**EXERCISE:**
Reproduce the following data exactly, minus any images.

**DATASET EXTRACT:**
BEGIN

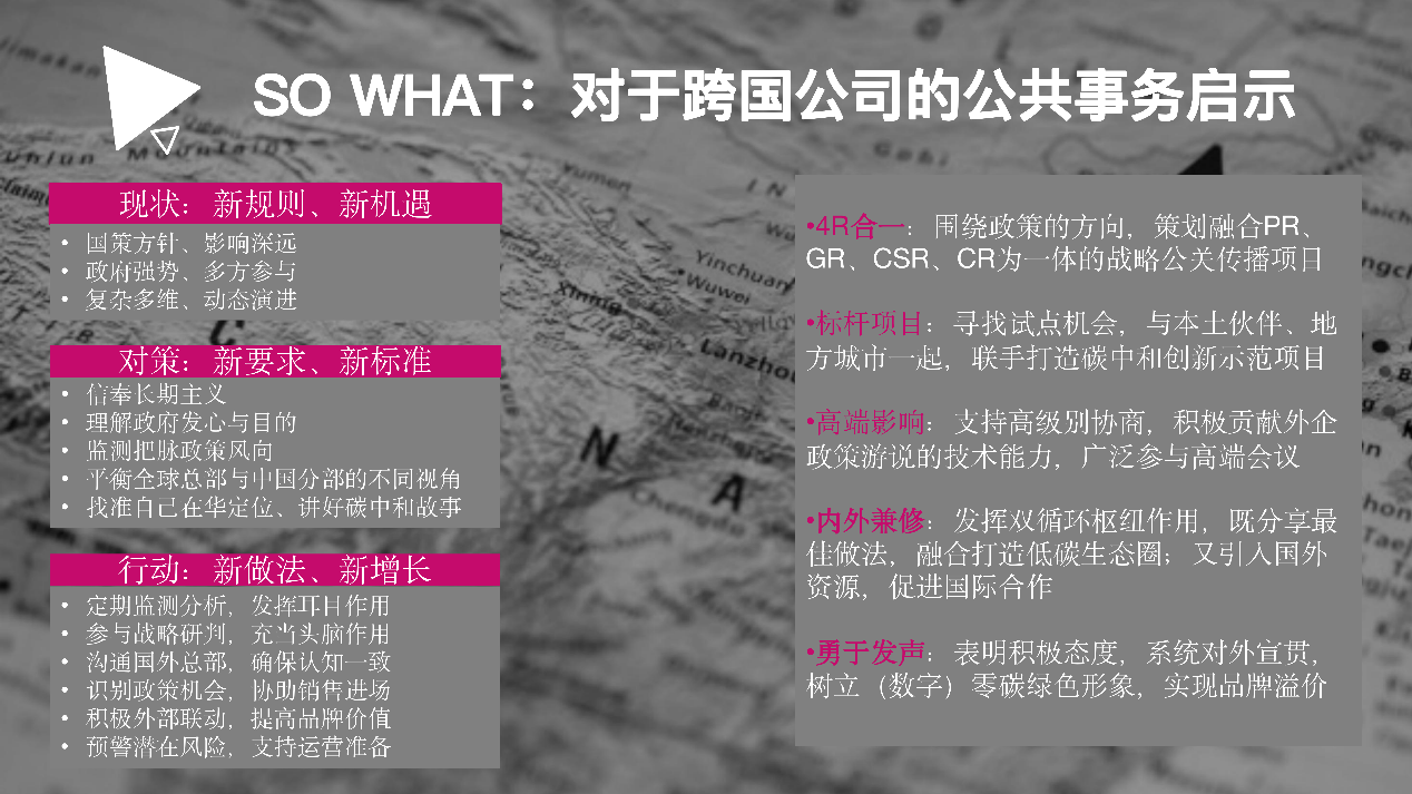 三位演講嘉賓從議題專家、行業實踐者和專業服務者的不同視角出發,深入淺出地勾畫了碳中和的政策圖景與行業趨勢,剖析了外企所面臨的現實挑戰與潛在機會,并就企業如何通過強化政府關系與公共關系借力碳中和給出了獨到的見解。
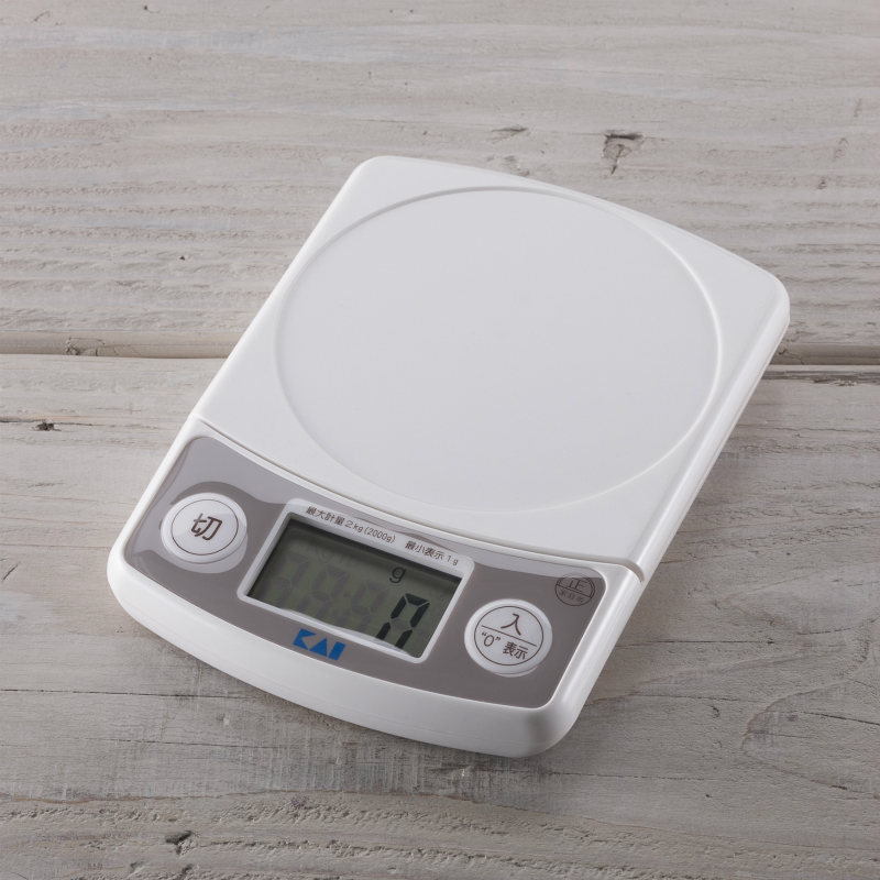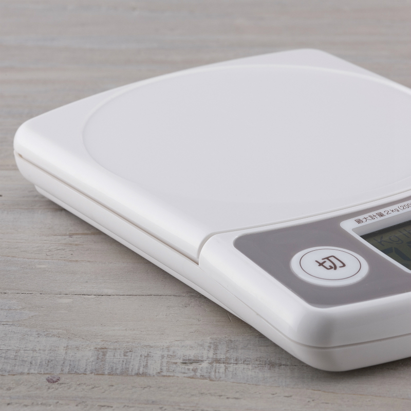 - 材質:本体ABS樹脂(耐熱温度80度)、 表示方式液晶4桁表示、最大計量2000g、最小表示1g 安定所要時間:約2秒 電源:DC3V、使用電池単3(AA)x2本(セット済)、電池寿命約2年 消費電流(使用時)2mA オートパワーオフ約1分
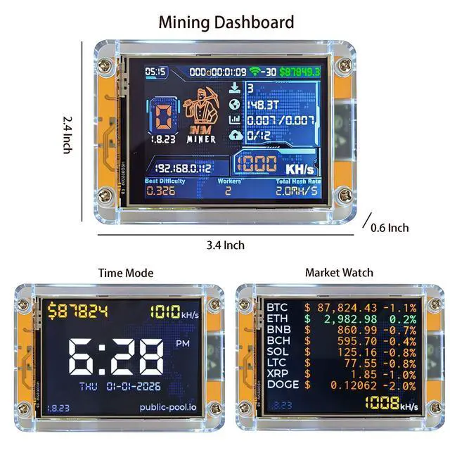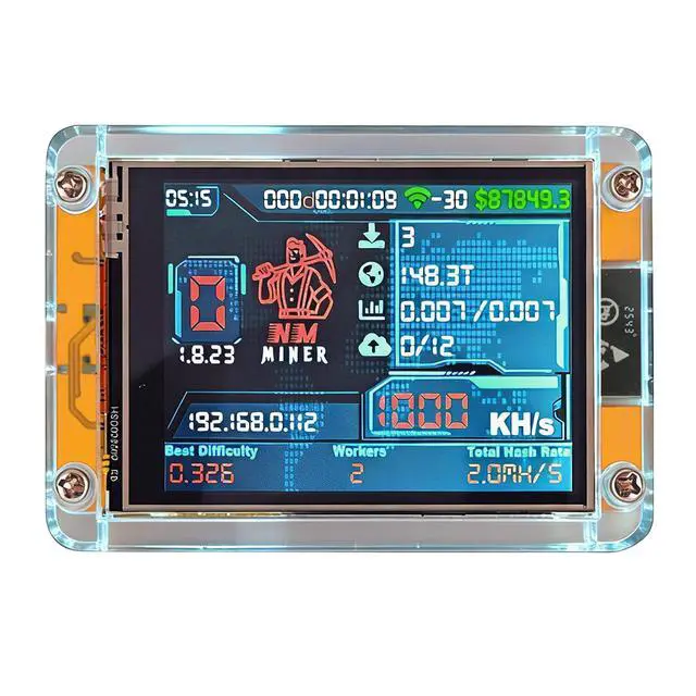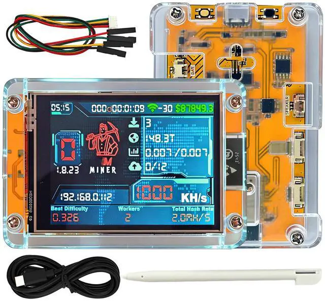 Discover the ultimate Bitcoin Lottery Miner your reliable Solo Bitcoin Miner for efficient Crypto Mining and versatile IoT projects! This Home ASIC Miner with 1010kH/s SHA256 performance comes with a detailed product manual to guide you through setup and operation easily, ideal for both beginners and seasoned Crypto Miner enthusiasts. Powered by the reliable ESP32 main chip (240MHz, 520KB SRAM, 4MB flash), it ensures smooth Bitcoin Mining. Equipped with a 2.8 -inch touch screen (240x320px), microSD card interface, and RGB LED, this Lottery Miner BTC offers intuitive control and ample storage for mining data or project files.
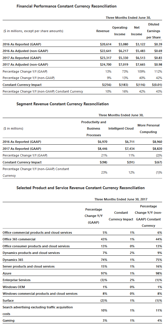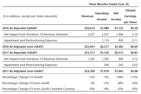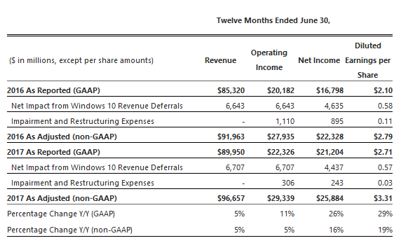 微软发布了2017年财年数据,公布第二季度收入为247亿美元(非GAAP),调整后的利润为77亿美元。Windows 10和Office 365继续表现良好。

END

**SOLVED PROBLEM:**
 三位演講嘉賓從議題專家、行業實踐者和專業服務者的不同視角出發,深入淺出地勾畫了碳中和的政策圖景與行業趨勢,剖析了外企所面臨的現實挑戰與潛在機會,并就企業如何通過強化政府關系與公共關系借力碳中和給出了獨到的見解。
 - 材質:本体ABS樹脂(耐熱温度80度)、 表示方式液晶4桁表示、最大計量2000g、最小表示1g 安定所要時間:約2秒 電源:DC3V、使用電池単3(AA)x2本(セット済)、電池寿命約2年 消費電流(使用時)2mA オートパワーオフ約1分
 Discover the ultimate Bitcoin Lottery Miner your reliable Solo Bitcoin Miner for efficient Crypto Mining and versatile IoT projects! This Home ASIC Miner with 1010kH/s SHA256 performance comes with a detailed product manual to guide you through setup and operation easily, ideal for both beginners and seasoned Crypto Miner enthusiasts. Powered by the reliable ESP32 main chip (240MHz, 520KB SRAM, 4MB flash), it ensures smooth Bitcoin Mining. Equipped with a 2.8 -inch touch screen (240x320px), microSD card interface, and RGB LED, this Lottery Miner BTC offers intuitive control and ample storage for mining data or project files.
 微软发布了2017年财年数据,公布第二季度收入为247亿美元(非GAAP),调整后的利润为77亿美元。Windows 10和Office 365继续表现良好。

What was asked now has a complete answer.